La Murène tachetée (Gymnothorax moringa) vit le long des côtes tropicales de l'Ouest de l'Atlantique jusqu'aux îles de Sainte-Hélène et de l'Ascension.

La Murène tachetée (Gymnothorax moringa) vit le long des côtes tropicales de l’Ouest de l’Atlantique jusqu’aux îles de Sainte-Hélène et de l’Ascension © Kevin Bryant

La Murène tachetée, Gymnothorax moringa (Cuvier, 1829) appartient à la classe des Actinopterygii, les poissons aux nageoires rayonnées, à l’ordre des Anguilliformes et à la famille des Muraenidae qui compte 16 genres et 211 espèces présentes dans les mers tempérées et tropicales du monde entier.

Le nom du genre Gymnothorax vient du grec “gymnos”, nu, et du latin “thorax”, thorax, poitrine, et se réfère au fait qu’à la différence des anguilles et comme chez toutes les murènes le thorax est nu en raison de l’absence de nageoires pectorales.

Le nom de l’espèce moringa est le diminutif donné localement aux murènes de taille modeste.

Gymnothorax moringa est après Gymnothorax funebris la plus grande murène des Caraïbes et longue jusqu'à 2 m avec une bouche effrayante armée de dents pointues.

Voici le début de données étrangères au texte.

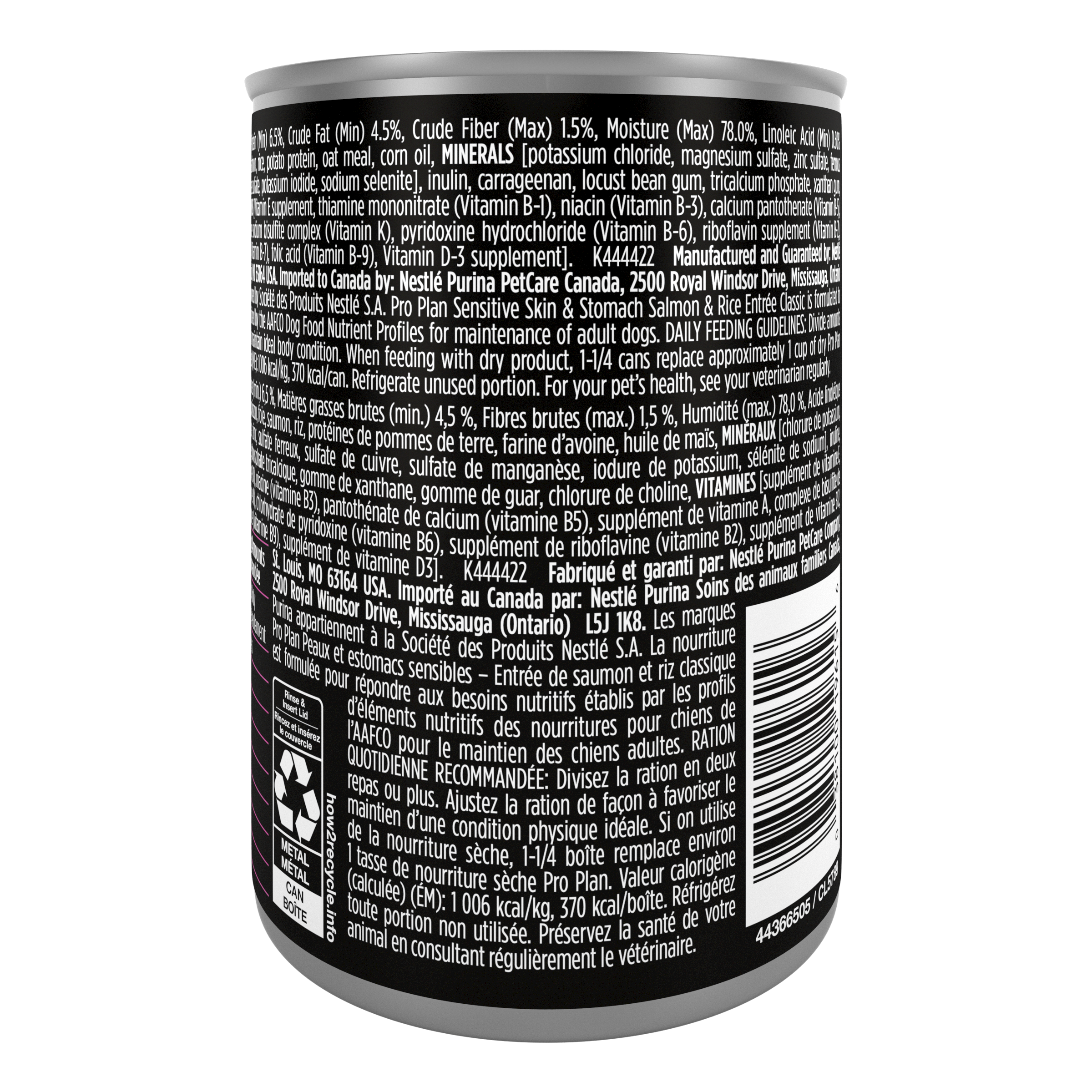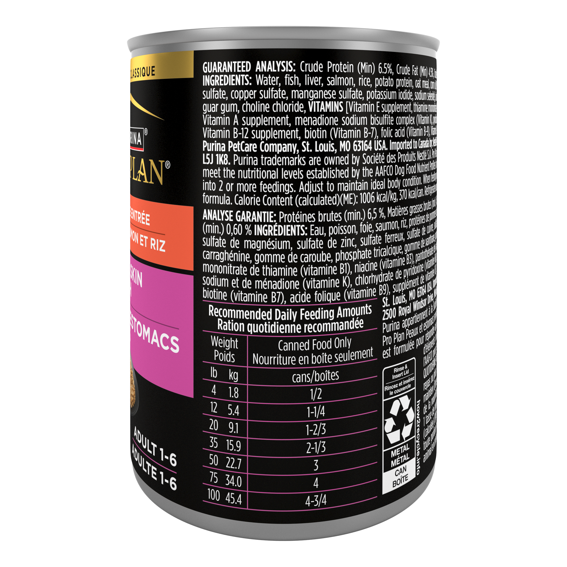- PRO PLAN Adult Classic Sensitive Skin & Stomach Salmon & Rice Wet Dog Food is advanced nutrition that is 100% complete and balanced with scientifically proven benefits to help give your pet the best possible nutrition to lead a long, healthy life.

Elle est après Gymnothorax funebris la plus grande murène des Caraïbes et peut atteindre 2 m avec une bouche effrayante armée de longues dents pointues © Allison & Carlos Estape

Zoogéographie

La Murène tachetée est présente dans les eaux tropicales et subtropicales des côtes atlantiques américaines depuis la Caroline du Nord et les Bermudes au golfe du Mexique, puis dans toute l’Amérique centrale et les Antilles et jusqu’aux Guyanes et au Brésil.

Emportées par les courants les larves ont ensuite atteint l’archipel de Trindade et MartimVaz, à 1.200 km du continent, et enfin, au milieu de l’ Atlantique, les îles de Sainte-Hélène et de l’Ascension.

Écologie-Habitat

Une seconde mâchoire interne mobile, dite pharyngée, accroche, positionne et entraîne vers son ventre les proies même les plus grosses que Gymnothorax moringa avale entières.

Une seconde mâchoire interne mobile, dite pharyngée, accroche, positionne et entraîne vers son ventre les proies même les plus grosses qu’elle avale entières © Allison & Carlos Estape

Gymnothorax moringa est une espèce benthique souvent présente dans les crevasses des récifs et les zones rocheuses où elle vit seule, en général dans des eaux peu profondes, à pas plus de 35 m, bien qu’on l’ait vue à 200 m et que certains auteurs parlent de 300 m.

Elle fréquente les prairies sous-marines de phanérogames mais évite les eaux troubles des ports et des baies.

Morphophysiologie

Gymnothorax moringa est après Gymnothorax funebris la plus grande murène des Caraïbes.

La nage de Gymnothorax moringa est ondulatoire grâce à une crête cutanée élevée. Ici elle va mordre une Azurina multilineata qu'elle a localisée dans l'obscurité de la nuit avec son odorant très fin.

Sa nage est ondulatoire grâce à une crête cutanée élevée. Ici elle va mordre une Azurina multilineata qu’elle a localisée dans l’obscurité de la nuit avec son odorat très fin © Karine Marangon

Elle peut en effet dépasser 2 m de long avec un poids maximal attesté de 2,5 kg bien que sa taille courante, de beaucoup inférieure, se situe autour de 60 à 75 cm.

Comme tous les Anguilliformes elle a perdu ses nageoires pelviennes. Les nageoires dorsale, caudale et anale ont fusionné pour former une seule et longue crête cutanée, ici particulièrement haute, dont elle se sert pour pratiquer une nage ondulatoire.

Les orifices branchiaux sont de simples fentes foncées placées au bout de la tête dans le prolongement des mâchoires et pratiquement invisibles au milieu des taches de la livrée.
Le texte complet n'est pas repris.